Reproduce the listing word for word, leaving every picture behind.

##### Source material #####

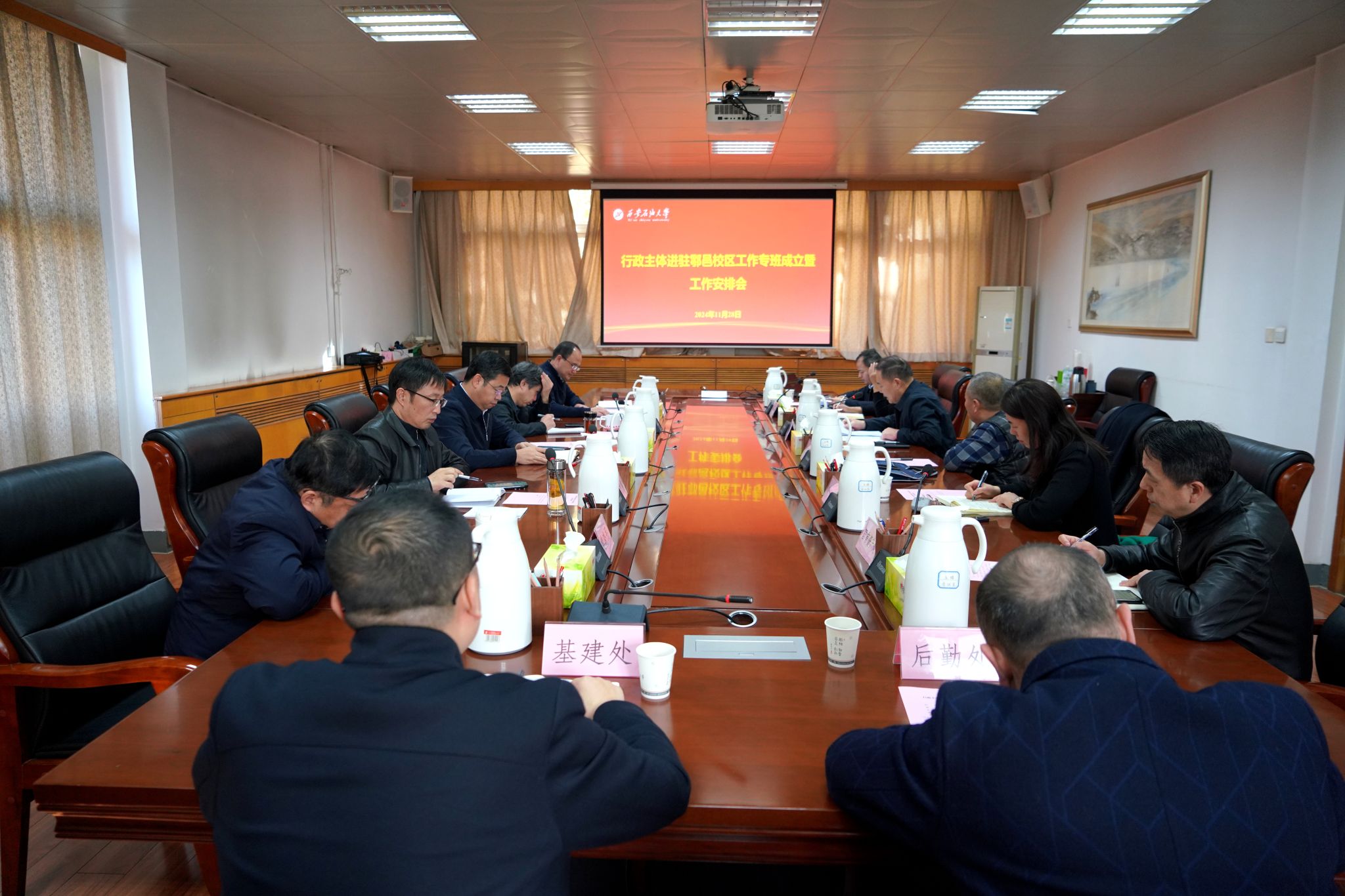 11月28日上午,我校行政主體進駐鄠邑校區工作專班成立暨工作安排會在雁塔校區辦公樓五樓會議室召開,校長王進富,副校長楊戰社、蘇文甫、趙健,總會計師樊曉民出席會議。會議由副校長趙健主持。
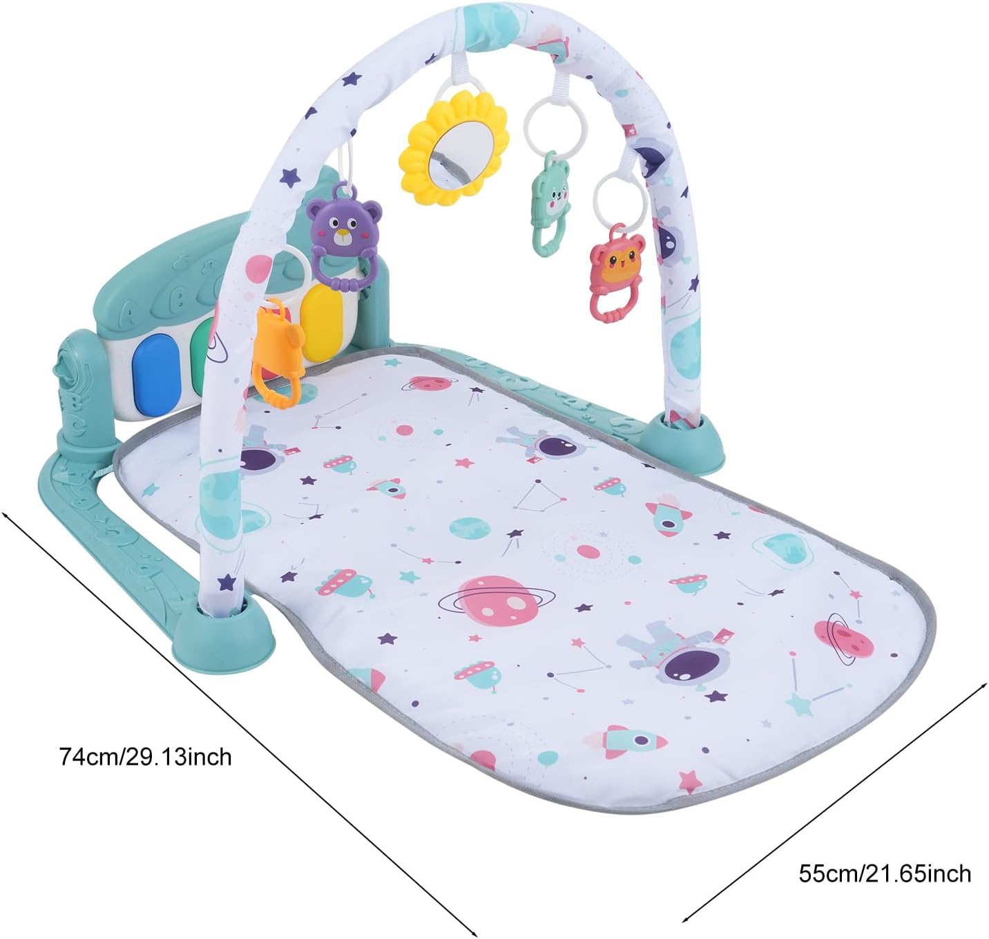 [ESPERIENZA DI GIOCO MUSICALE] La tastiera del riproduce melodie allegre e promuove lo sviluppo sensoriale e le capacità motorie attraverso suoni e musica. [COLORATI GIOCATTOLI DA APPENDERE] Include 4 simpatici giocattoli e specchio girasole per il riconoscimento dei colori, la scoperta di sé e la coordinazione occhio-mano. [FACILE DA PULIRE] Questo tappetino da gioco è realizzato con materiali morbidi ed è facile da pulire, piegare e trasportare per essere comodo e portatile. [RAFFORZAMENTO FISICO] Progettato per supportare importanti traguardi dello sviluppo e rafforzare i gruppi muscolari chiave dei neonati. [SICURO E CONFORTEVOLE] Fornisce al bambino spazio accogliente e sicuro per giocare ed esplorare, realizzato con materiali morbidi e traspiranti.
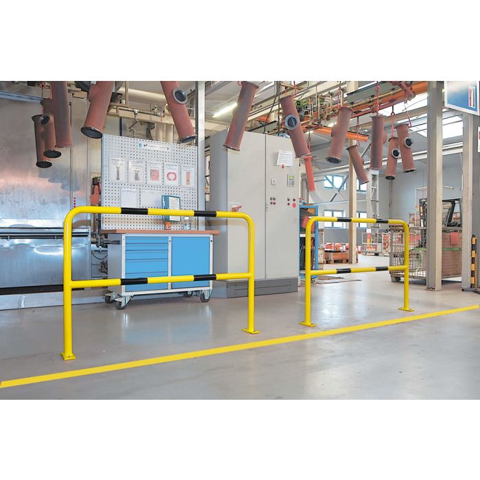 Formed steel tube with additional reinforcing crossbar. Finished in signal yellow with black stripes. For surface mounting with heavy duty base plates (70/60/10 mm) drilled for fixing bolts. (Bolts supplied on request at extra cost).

#####

Solved problem.
 11月28日上午,我校行政主體進駐鄠邑校區工作專班成立暨工作安排會在雁塔校區辦公樓五樓會議室召開,校長王進富,副校長楊戰社、蘇文甫、趙健,總會計師樊曉民出席會議。會議由副校長趙健主持。
 [ESPERIENZA DI GIOCO MUSICALE] La tastiera del riproduce melodie allegre e promuove lo sviluppo sensoriale e le capacità motorie attraverso suoni e musica. [COLORATI GIOCATTOLI DA APPENDERE] Include 4 simpatici giocattoli e specchio girasole per il riconoscimento dei colori, la scoperta di sé e la coordinazione occhio-mano. [FACILE DA PULIRE] Questo tappetino da gioco è realizzato con materiali morbidi ed è facile da pulire, piegare e trasportare per essere comodo e portatile. [RAFFORZAMENTO FISICO] Progettato per supportare importanti traguardi dello sviluppo e rafforzare i gruppi muscolari chiave dei neonati. [SICURO E CONFORTEVOLE] Fornisce al bambino spazio accogliente e sicuro per giocare ed esplorare, realizzato con materiali morbidi e traspiranti.
 Formed steel tube with additional reinforcing crossbar. Finished in signal yellow with black stripes. For surface mounting with heavy duty base plates (70/60/10 mm) drilled for fixing bolts. (Bolts supplied on request at extra cost).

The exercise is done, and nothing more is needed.